• _INSTRUCTIONS FOR THE TASK_
Copy the records below exactly, starting at the line that contains "- NOTE: The" and ending at the line that contains "switch日版oled白色"; leave out any pictures.

• _EXERCISE DATA_
-=-=-=-=-
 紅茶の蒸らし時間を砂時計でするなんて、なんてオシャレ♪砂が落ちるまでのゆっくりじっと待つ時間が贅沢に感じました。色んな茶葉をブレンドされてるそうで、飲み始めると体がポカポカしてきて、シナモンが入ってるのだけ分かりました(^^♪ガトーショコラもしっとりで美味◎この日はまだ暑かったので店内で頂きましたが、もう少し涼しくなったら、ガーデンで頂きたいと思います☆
-=-=-=-=-
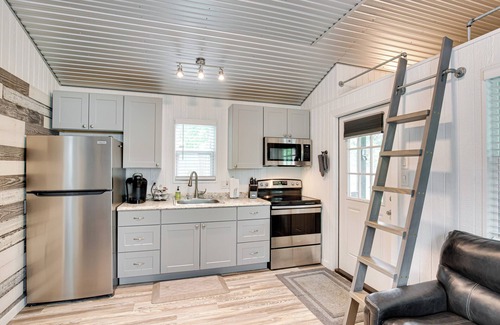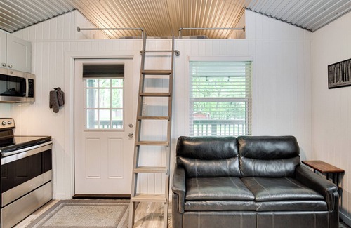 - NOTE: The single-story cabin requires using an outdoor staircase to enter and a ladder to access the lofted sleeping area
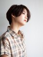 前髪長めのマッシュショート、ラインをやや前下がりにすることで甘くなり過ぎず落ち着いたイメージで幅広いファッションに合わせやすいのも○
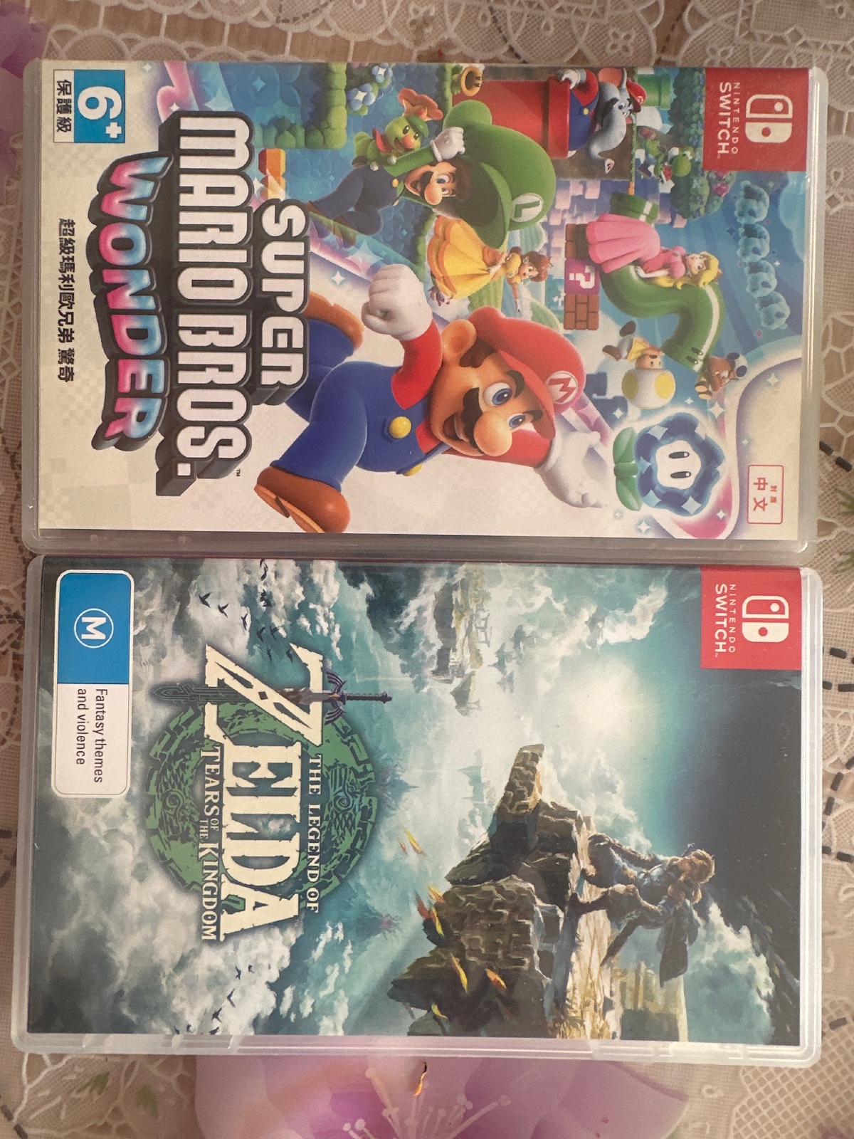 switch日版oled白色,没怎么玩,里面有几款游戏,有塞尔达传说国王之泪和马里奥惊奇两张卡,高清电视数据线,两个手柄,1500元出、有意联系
-=-=-=-=-
• _EXERCISE RESPONSE_
 - NOTE: The single-story cabin requires using an outdoor staircase to enter and a ladder to access the lofted sleeping area
 前髪長めのマッシュショート、ラインをやや前下がりにすることで甘くなり過ぎず落ち着いたイメージで幅広いファッションに合わせやすいのも○
 switch日版oled白色,没怎么玩,里面有几款游戏,有塞尔达传说国王之泪和马里奥惊奇两张卡,高清电视数据线,两个手柄,1500元出、有意联系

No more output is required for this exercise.